Die Ursachen sind strukturell und gut bekannt:
- Elternzeit und Kinderbetreuung: Unterbrechungen der Erwerbstätigkeit reduzieren die Einzahlungen in die gesetzliche Rentenversicherung – trotz der Anrechnung von Erziehungszeiten bleibt eine Lücke
- Teilzeitarbeit: Viele Frauen arbeiten nach der Geburt eines Kindes für Jahre in Teilzeit – niedrigeres Einkommen = niedrigere Rentenpunkte
- Gender Pay Gap: Frauen verdienen im Durchschnitt weniger als Männer – dieser Unterschied setzt sich direkt in niedrigere Rentenpunkte um
- Pflegeverantwortung: Frauen übernehmen häufiger die Pflege von Angehörigen – oft verbunden mit Erwerbsunterbrechungen oder -reduzierungen
- Höhere Lebenserwartung: Frauen leben statistisch etwa 5 Jahre länger als Männer – brauchen also länger Rente aus einem kleineren Topf
Das Drei-Schichten-System – welche Möglichkeiten du hast
Das deutsche Altersvorsorgesystem ist in drei Schichten gegliedert. Für Frauen ist die Kombination aus mehreren Schichten besonders wichtig, da die erste Schicht (gesetzliche Rente) allein oft nicht ausreicht.
Wie du deine Rentenlücke einschätzen kannst
Eine genaue Berechnung der Rentenlücke ist individuell und berücksichtigt viele Faktoren: aktuelle Rentenanwartschaften, voraussichtliche Einkommensentwicklung, Steuerbelastung im Alter, Lebenshaltungskosten und weitere Einnahmen.

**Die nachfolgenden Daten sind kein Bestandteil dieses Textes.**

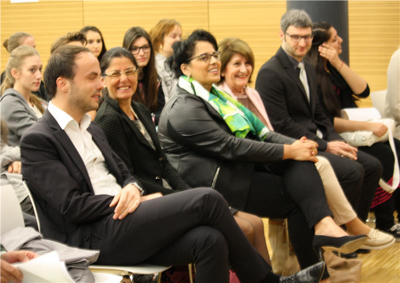 Hanno preso parte alla cerimonia l’assessore provinciale alla scuola e cultura di lingua tedesca, Philipp Achammer, gli intendenti scolastici Nicoletta Minnei e Peter Höllrigl, il sindaco di Merano Paul Rösch, oltre ai relatori, in particolare il professor Christian Zelger che ha trattato il tema “Europa in der Welt – Die Welt in Europa”, il presidente della Camera di Commercio, per lungo tempo europarlamentare, Michl Ebner, che ha parlato sul tema “L’Europa e la sua responsabilità nei confronti del mondo” ed il consigliere provinciale, Riccardo Dello Sbarba, che ha svolto una relazione dal titolo “Può l’Europa essere ancora un modello culturale e sociale per il mondo?”.
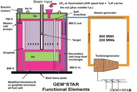 Muons , Inc is developing the GEM*STAR reactor system. It is a thermal spectrum, graphite-moderated, fluoride-salt cooled reactor in a sub-critical configuration. A proton beam is injected on a spallation target in the reactor, which releases enough neutrons to make the reactor critical.
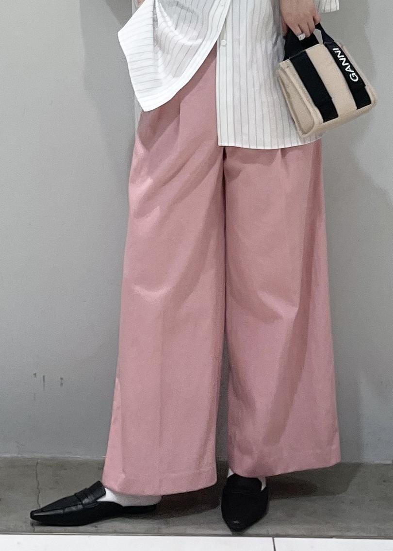 ピンクのフレアパンツは女性らしさを出してくれながらも、ハリ感のある生地なので肌よくかっこよさも出せるのが◎
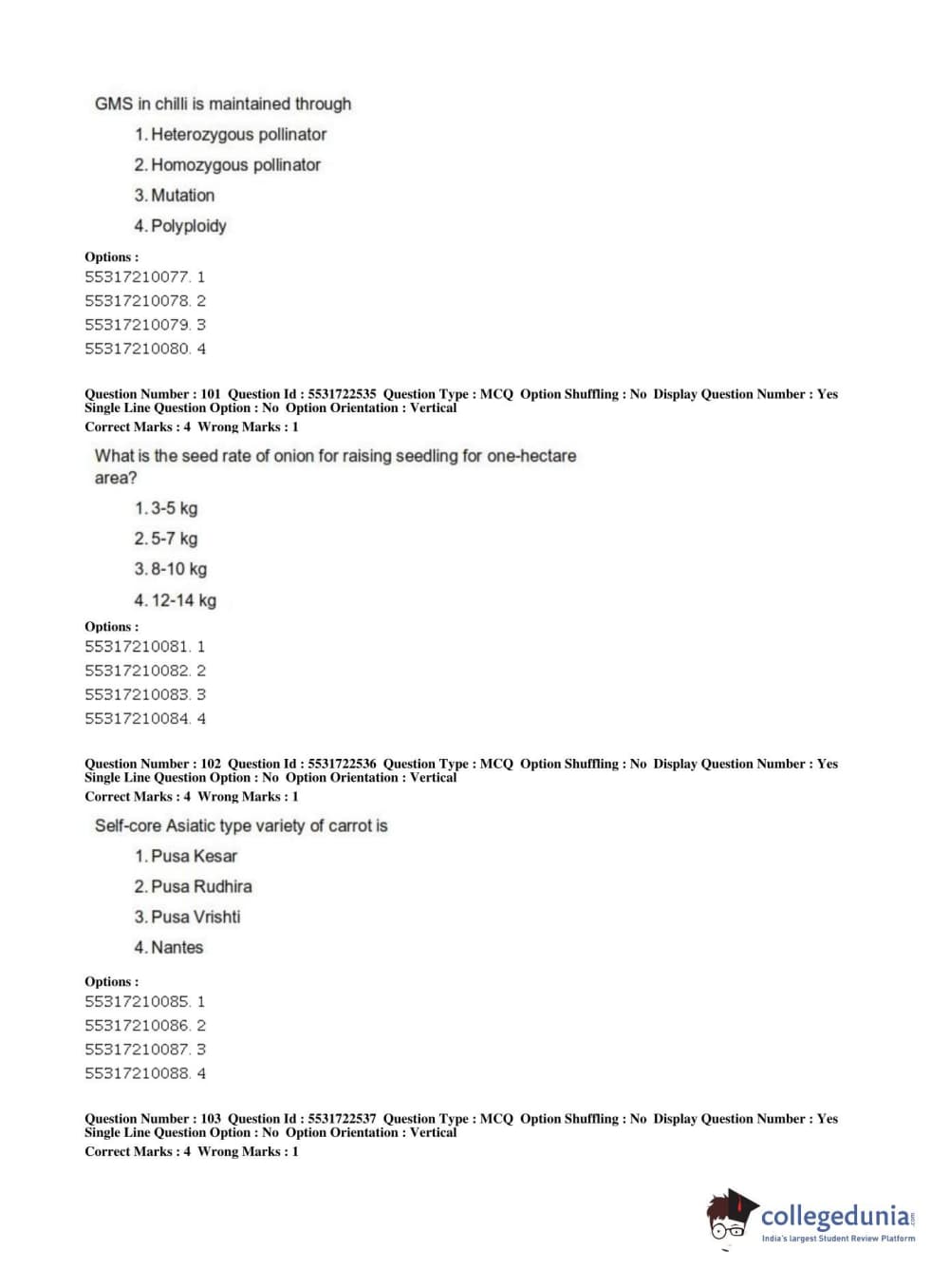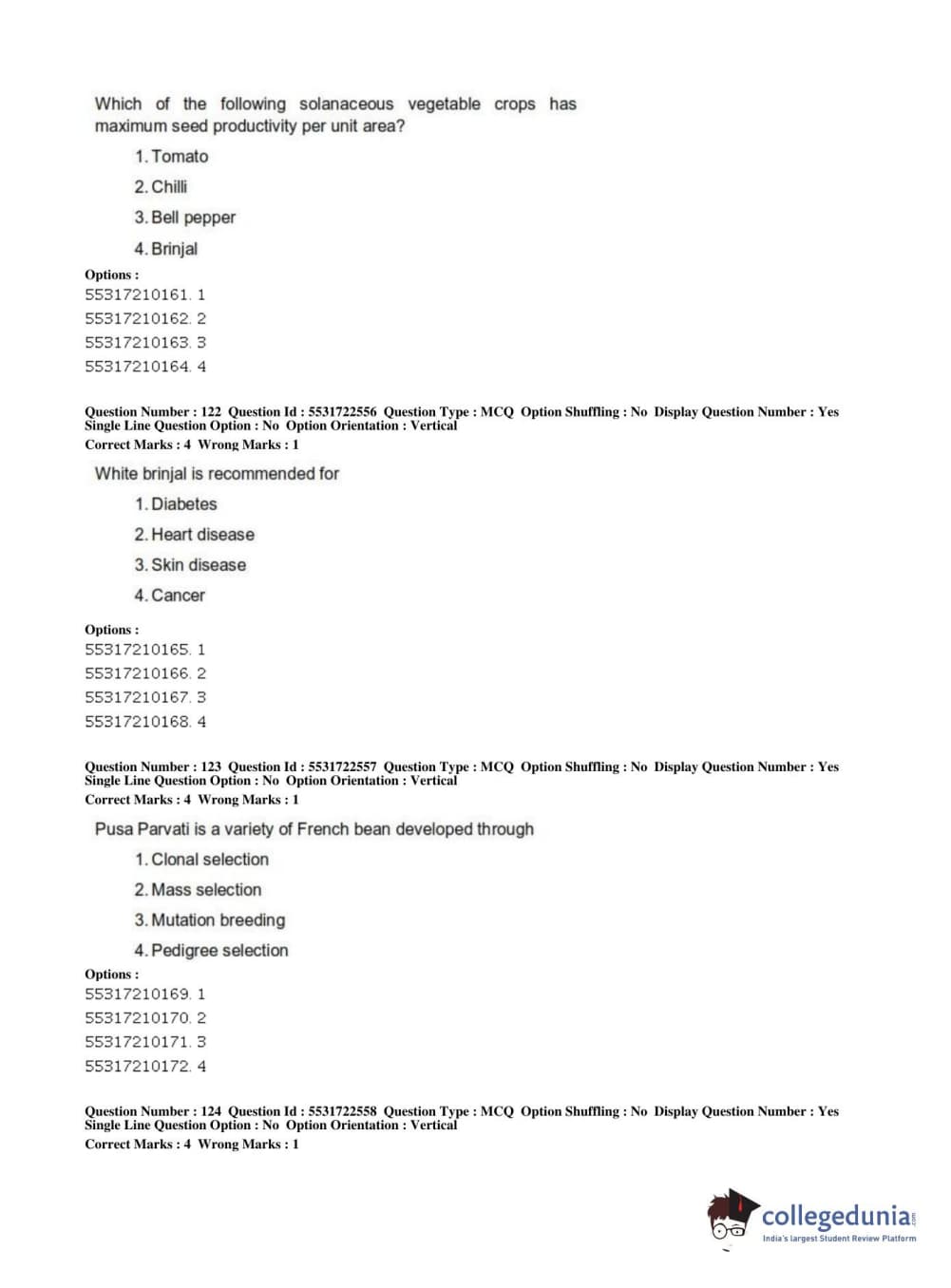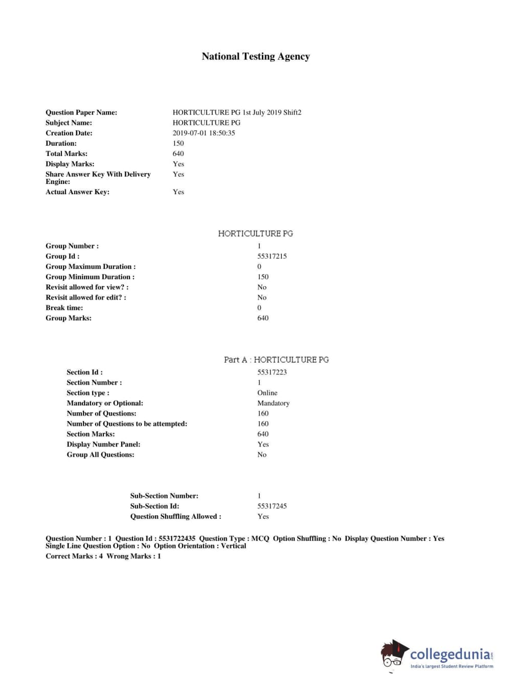 ICAR AIEEA 2019 PG - HORTICULTURE Question paper with answer key pdf conducted on July 1, 2019 in Shift 2 is available for download. The exam was successfully organized by National Testing Agency (NTA). The question paper comprised a total of 160 questions.

Einen ersten Anhaltspunkt liefert die Renteninformation der Deutschen Rentenversicherung, die jährlich verschickt wird. Sie zeigt die bisher erworbenen Rentenanwartschaften – ist aber keine vollständige Vorsorgeplanung.
Fünf Fragen zur ersten Einschätzung
- Habe ich meine letzte Renteninformation gelesen und verstanden, was sie aussagt?
- Habe ich Zeiten der Teilzeit, Elternzeit oder Selbstständigkeit, die meine Rentenansprüche reduziert haben?
- Habe ich bereits private oder betriebliche Altersvorsorge – und reicht sie aus?
- Weiß ich, wie viel ich monatlich im Alter brauche, um meinen Lebensstandard zu halten?
- Habe ich einen Gesamtüberblick über alle meine Vorsorgebausteinen?
Wenn du bei mehreren Fragen unsicher bist, ist das kein Versagen – sondern der normale Ausgangspunkt für eine strukturierte Vorsorgeanalyse.
Was du jetzt konkret tun kannst
Fazit: Die Rentenlücke ist lösbar – aber nicht von allein
Die Rentenlücke ist kein abstraktes Problem. Sie ist eine reale Differenz, die für viele Frauen im Alter spürbar wird – nicht weil sie schlecht geplant haben, sondern weil das System so gebaut ist.
Das Gute: Diese Lücke lässt sich schließen. Nicht mit einer Einheitslösung, sondern mit einer individuellen Vorsorgestrategie, die zu deiner Lebenssituation passt. Je früher du anfängst, desto kleiner ist der monatliche Aufwand – und desto größer der Effekt.
Ich helfe dir, den Überblick zu bekommen und den ersten Schritt zu tun.
Wie groß ist deine Rentenlücke?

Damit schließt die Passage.